CPU: Vendors love to highlight GHz numbers in ads, because those numbers go up constantly and are sure to look better than what you have on your current system (even if it's only two months old). The truth: Any recent CPU can handle the basics. Pile on power thoughtlessly, and you waste money. Often the performance gain after a certain point is minimal--though if you'll be juggling tons of multimedia files, you do need a little muscle. AMD's Phenom 9600 Quad-Core CPU, for example, goes toe-to-toe in price with Intel's Core 2 Duo 8400 and will power you through any workday job. But only the most demanding multimedia users need heavy-duty hardware like Intel's quad-core Core 2 Extreme QX9770.

RAM: This quick-and-easy upgrade for your desktop comes with a catch: the maximum amount that your operating system can handle. Common 32-bit versions of Windows Vista and Windows XP can address no more than 4GB of RAM, even if your machine has more available. So unless you're using the 64-bit version of Vista (or 64-bit XP, if you can still find a copy), 2GB to 4GB of memory is the right target.

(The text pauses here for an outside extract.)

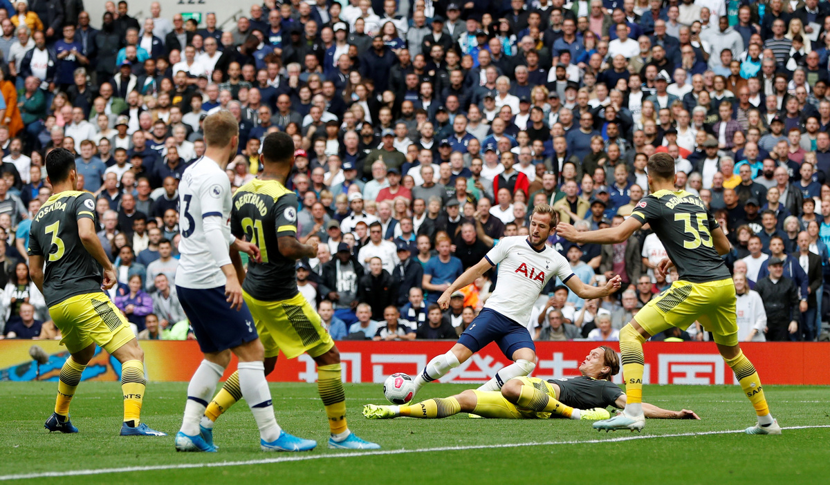 Soccer Football - Premier League - Tottenham Hotspur v Southampton - Tottenham Hotspur Stadium, London, Britain - September 28, 2019 Tottenham Hotspur's Harry Kane in action with Southampton's Jannik Vestergaard Action Images via Reuters/Paul Childs

Graphics board: In bygone days, a high-quality graphics board mattered only to gamers. But now everyone with a digital camera to download or a TV show to watch craves graphics performance. Even so, premium cards don't offer enough of a boost to justify their high-end pricing unless you are a serious gamer. Instead, look for a PC configured with a decent CPU and a good GPU--such as nVidia's GeForce 9800 GTX or ATI's Radeon HD 4850. Only hard-core gamers and video editors need to drop $600 on a fancy graphics card.

Expandability: A desktop PC lets you upgrade later without having to rebuild from scratch. But few stores provide a full accounting of a system's upgrade options. Don't let that discourage you from checking. Note how many open PCIe slots and available internal and external drive bays the system has. And look for easy access to FireWire and USB ports.